Taiwan Semiconductor Posts NT$718.9B Sales, 30% Growth, Weighs U.S. Export Curbs
TSM posted 30% year-over-year sales growth for January-February, reaching NT$718.9 billion ($22.6 billion), with February up 22% after a Lunar New Year base shift. Major technology firms plan over $650 billion in AI infrastructure spending, supporting demand, though U.S. export policy discussions and Middle East tensions raised supply-chain risks.
1. Robust AI-Driven Sales Growth
Taiwan Semiconductor reported combined January-February revenue of NT$718.9 billion ($22.6 billion), a 30% year-over-year increase driven by surging demand for AI hardware. February alone saw a 22% rise, tempered by a higher comparison base in January due to the Lunar New Year timing shift.
2. Major Tech Customers Fuel Demand
The contract chipmaker continues to supply leading AI chipmakers, with Nvidia among its largest customers, as Alphabet, Amazon and other tech giants plan over $650 billion in AI infrastructure investments this year. This wave of spending underscores Taiwan Semiconductor’s critical role in global AI deployment.

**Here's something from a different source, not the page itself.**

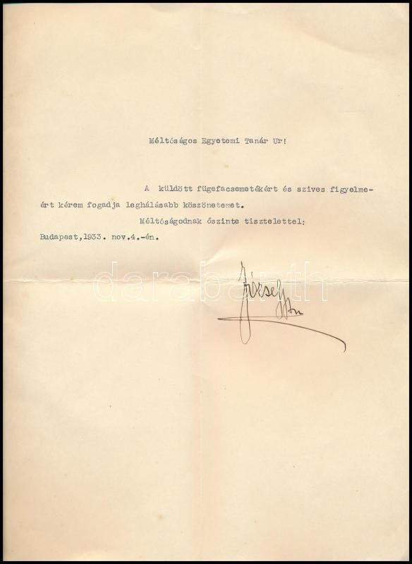 1933 Bp., József főherceg saját kezű aláírása gépelt köszönőlevélen https://www.darabanth.com/hu/350-Gyorsarveres/350.0/Mutargy-papirregiseg-egyeb/Tortenelmi-dokumentumok-keziratok-erdekessegek~18/1933-Bp-Jozsef-foherceg-sajat-kezu-alairasa-gepelt-koszonolevelen~II1991205

3. Export Controls and Geopolitical Pressures
New U.S. export policy discussions could impose licensing, data center investment or security guarantees on advanced AI chip shipments, creating potential hurdles for Taiwan Semiconductor’s global sales. Concurrent Middle East tensions have also raised concerns over supply-chain disruptions, including key inputs like helium.